In rejecting the defendant’s proportionality argument and granting plaintiff’s motion to compel, the court noted that the defendant “chose to use a system that did not automatically preserve emails for more than three days, and did not preserve emails in a readily searchable format, making it costly to produce relevant emails when faced with a lawsuit.”  The court also noted that proportionality is not solely a question of whether the particular discovery method is expensive.  The court pointed out that defendant failed to offer any alternative proposals to obtain the requested information other than to have the witnesses search their own computers for potentially responsive information, which the court found was insufficient.

The court also held that the defendant failed to carry its burden of demonstrating that the ESI was “inaccessible,” noting that the mere fact that defendant could not conduct the ESI searches in house and would be forced to hire a vendor did not render the data inaccessible.  The court also noted that the estimate provided by the defendant’s proposed ESI vendor “seems exceedingly high” since the request ESI was limited to two custodians over a four month timeframe.

Lastly, the court also rejected the defendant’s request for cost shifting in light of the fact that “the ESI sought is reasonably accessible without undue burden or expense.”

This case serves as an important reminder that broad brush assertions of undue burden will not be accepted by the court.  While it certainly is important to provide the court with objective data and metrics to support an undue burden and/or proportionality argument, it is equally important that those calculations not be overstated.

May A Company “Preserve In Place” To Satisfy Its Preservation Obligations

A common question that often arises is whether to physically collect/copy a person’s e-mail account once that person is placed on a litigation hold.  Rather than copy the e-mail account, many companies will simply turn off the “auto-delete” function and issue the employee a preservation notice. By doing so, the company essentially is preserving in place.  Although some may question this method of preservation, it is no different than if an employee had a box of potentially relevant documents in his office and, rather than make a copy of the box of documents, the employee was instructed to continue to hold the box in his office until further notice.  In most situations, this should be sufficient to satisfy a company’s preservation obligations.
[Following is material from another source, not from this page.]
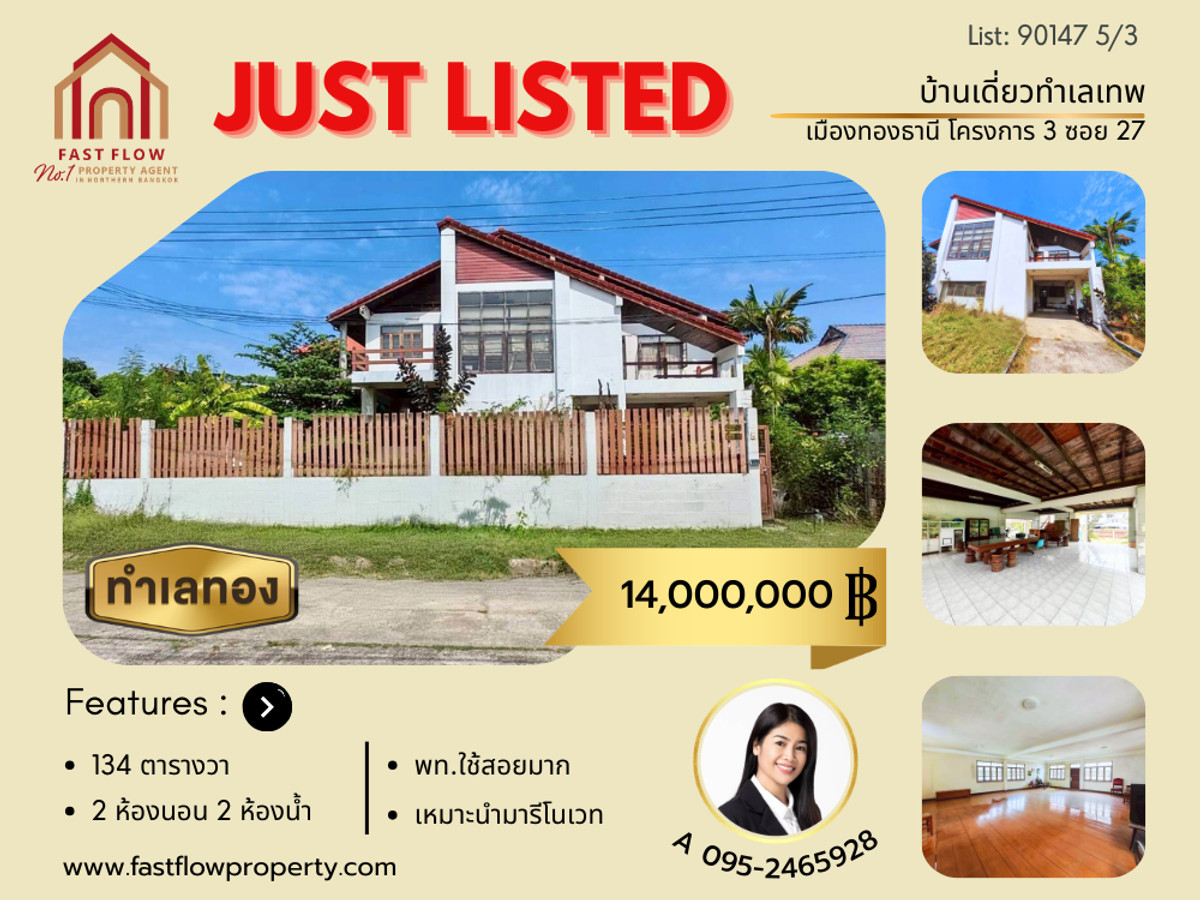 ขายบ้านเดี่ยว 134 ตรว. ในเมืองทองธานี แจ้งวัฒนะ- ติวานนท์ ใกล้อิมแพคเมืองทองธานี เหมาะสำหรับรีโนเวท ใกล้ทางด่วนเมืองทองธานี ARA สนใจติดต่อ คุณเอ- อารยา Fast Flow Property โทร คลิกเพื่อดูเบอร์โทรติดต่อ, คลิกเพื่อดูเบอร์โทรติดต่อ Official Line : @fastflow Listing no: 90147 Property Detail: - ขายที่ดินพร้อมสิ่งปลูกสร้าง บ้านเดี่ยว 2 ชั้น ในเมืองทองธานี โครงการ 3 ซอย 27 - ทำเลศักยภาพเชื่อมต่อถนนแจ้งวัฒนะ และถนนติวานนท์ - ที่ดิน 134 ตารางวา - สิ่งปลูกสร้างเดิมมีพื้นที่ใช้สอยประมาณ 245 ตารางเมตร - ตัวบ้านเดิมยังคงมีโครงสร้างที่แข็งแรง เป็นโถงใต้ถุนสูง พื้นชั้นบน เป็นไม้เนื้อแข็ง ผสมผสานกับบ้านตึกในส่วนของตัวบ้านหลัก - บ้านออกแบบโดยแบ่งพื้นที่เป็น 2 ส่วน คือ ส่วนของการพักผ่อนร่วมกันกับครอบครัว สไตล์บ้านทรงไทยประยุกต์ ที่เน้นเป็นพื้นไม้แข็ง โถงกว้างเพดานสูง รวมถึงใต้ถุนสูง - และส่วนของที่พักอาศัย ชั้นบน มีห้องนอน 2 ห้อง และ ห้องน้ำ 2 ห้อง ระเบียงทั้งหน้าบ้านและหลังบ้าน ชั้นล่าง มีห้องแม่บ้าน และห้องครัว รวมถึงส่วน ต่อเติมทำเป็นห้องทำงานด้านล่าง - เหมาะที่จะรีโนเวทใหม่เพื่อการอยู่อาศัย - หน้าบ้านหันทางทิศตะวันออกเฉียงใต้ ลมพัดเย็นตลอดทั้งปี *** ราคา 14,000,000 บาท*** (สามารถต่อรองได้พอสมควร) บริการช่วยเหลือจัดหาสินเชื่อธนาคารฟรี! พิกัดที่ตั้ง : เมืองทองธานีโครงการ 3 ซอย 27 https://maps.app.goo.gl/ZdwbkG4pXtkUTDbN7 สถานที่ใกล้เคียง: - รถไฟฟ้าสายสีชมพู สถานีแยกปากเกร็ด, สถานีเลี่ยงเมืองปากเกร็ด, ทางด่วนศรีรัช (ด่านแจ้งวัฒนะ) - เซ็นทรัล แจ้งวัฒนะ, บิ๊กซี แจ้งวัฒนะ 2, โฮมโปร แจ้งวัฒนะ, ตลาดนัดเมืองทองธานี, คอสโม บาซาร์, บีไฮฟ ไลฟ์สไตล์มอลล์, ตลาดสหกรณ์บริการ 1 - โรงเรียนสวนกุหลาบวิทยาลัย นนทบุรี, โรงเรียนอัมพรไพศาล, โรงเรียนพิชญศึกษา, มหาวิทยาลัยสุโขทัยธรรมาธิราช, สถาบันการจัดการปัญญาภิวัฒน์, โรงเรียนนานาชาติเซนต์แอนดรูว์ส สามัคคี - โรงเรียนเวิลด์เมดิคอล, โรงพยาบาลวิภาราม ปากเกร็ด, โรงพยาบาลกรุงไทย, ศูนย์การแพทย์ปัญญานันทภิกขุ ชลประทาน, โรงพยาบาลมงกุฎวัฒนะ - สำนักงานเทศบาลนครปากเกร็ด, ที่ว่าการอำเภอปากเกร็ด, ศูนย์ราชการเฉลิมพระเกียรติฯ แจ้งวัฒนะ, อิมแพ็ค เมืองทองธานี, สวนสมเด็จพระศรีนครินทร์ นนทบุรี - สามารถเข้า-ออก จากซอยแจ้งวัฒนะ-ปากเกร็ด 11, 19, 21, 24 สามารถนัดเข้าชมสถานที่จริงได้ทุกวัน สนใจราคาคุยกันได้ คุณเอ- อารยา Fast Flow Property โทร คลิกเพื่อดูเบอร์โทรติดต่อ , คลิกเพื่อดูเบอร์โทรติดต่อ Official Line : @fastflow ติดต่อ Fast Flow Property Office Tel: คลิกเพื่อดูเบอร์โทรติดต่อ FB page: facebook.com/fastflowproperty www.fastflowproperty.com บริการรับฝากขายอสังหาริมทรัพย์ทุกประเภท ฟรีค่าโฆษณา

One caveat, however, relates to a custodian who may have an incentive not to preserve (e.g., the alleged harasser).  In this type of situation, i.e., where you have the proverbial fox guarding the hen house, several courts have questioned the wisdom of such a protocol and have sanctioned parties when e-mails were lost.  (See below.)  Therefore, for those central figures in a litigation who may have an incentive not to preserve, a copy should be made of their e-mail accounts.

The following authorities are illustrative of the principles discussed above:

  • Federal Rule of Civil Procedure 37(e):  This newly amended rule now provided that “[i]f electronically stored information that should have been preserved in the anticipation or conduct of litigation is lost because a party failed to take reasonable steps to preserve it, and it cannot be restored or replaced through additional discovery, the court [may issue the following sanctions…]”  One of the key points of this rule is the possibility for sanctions hinges on whether the party took “reasonable steps” to preserve information.  Therefore, the rule contemplates that information can still be lost or deleted, but if reasonable – but not perfect – steps were taken to preserve, then sanctions cannot be levied for the loss of that information.
  • The Sedona Principles For Electronic Document Production, Comment 6a:  This comment provides that “[r]esponding parties are best situated to evaluate the procedures, methodologies and technologies appropriate for preserving and producing their own electronic data and documents.”  The comment cites to Zubulake v. UBS Warburg LLC, 220 FRD 212, 217 (SDNY 2003), noting there are various ways to manage electronic documents, and thus, many ways in which a party may comply with its obligations.
  • Green v. Blitz U.S.A., Inc., 2011 U.S. Dist. LEXIS 20353 (E.D. Tex. Mar. 1, 2011):  The court sanctioned a party who relied on custodians to self-collect relevant e-mails for preservation.  Based on the insufficient and lackluster efforts taken to attempt to locate relevant documents, the court found that the party did not take reasonable steps to preserve.
  • Northington v. H&M Intl., 2011 WL 663055 (N.D. Ill. Jan. 12, 2011):  The court held “[I]t is unreasonable to allow a party’s interested employees to make the decision about the relevance of such documents, especially when those same employees have the ability to permanently delete unfavorable email from a party’s system….  Most non-lawyer employees, whether marketing consultants or high school deans, do not have enough knowledge of the applicable law to correctly recognize which documents are relevant to a lawsuit and which are not.  Furthermore, employees are often reluctant to reveal their mistakes and misdeeds.”
  • Jones v. Bremen High School District 228, 2010 WL 2106640 (N.D. Ill. May 25, 2010):  The court chastised the school district for allowing those alleged to have discriminated against the plaintiff to conduct their own review for evidence relating to her claims.  Moreover, even though most of the gaps in the e-mail production were filled by finding missing e-mails in other locations, the court still sanctioned the school district, determining that it was reckless and grossly negligent in its handling of the litigation hold.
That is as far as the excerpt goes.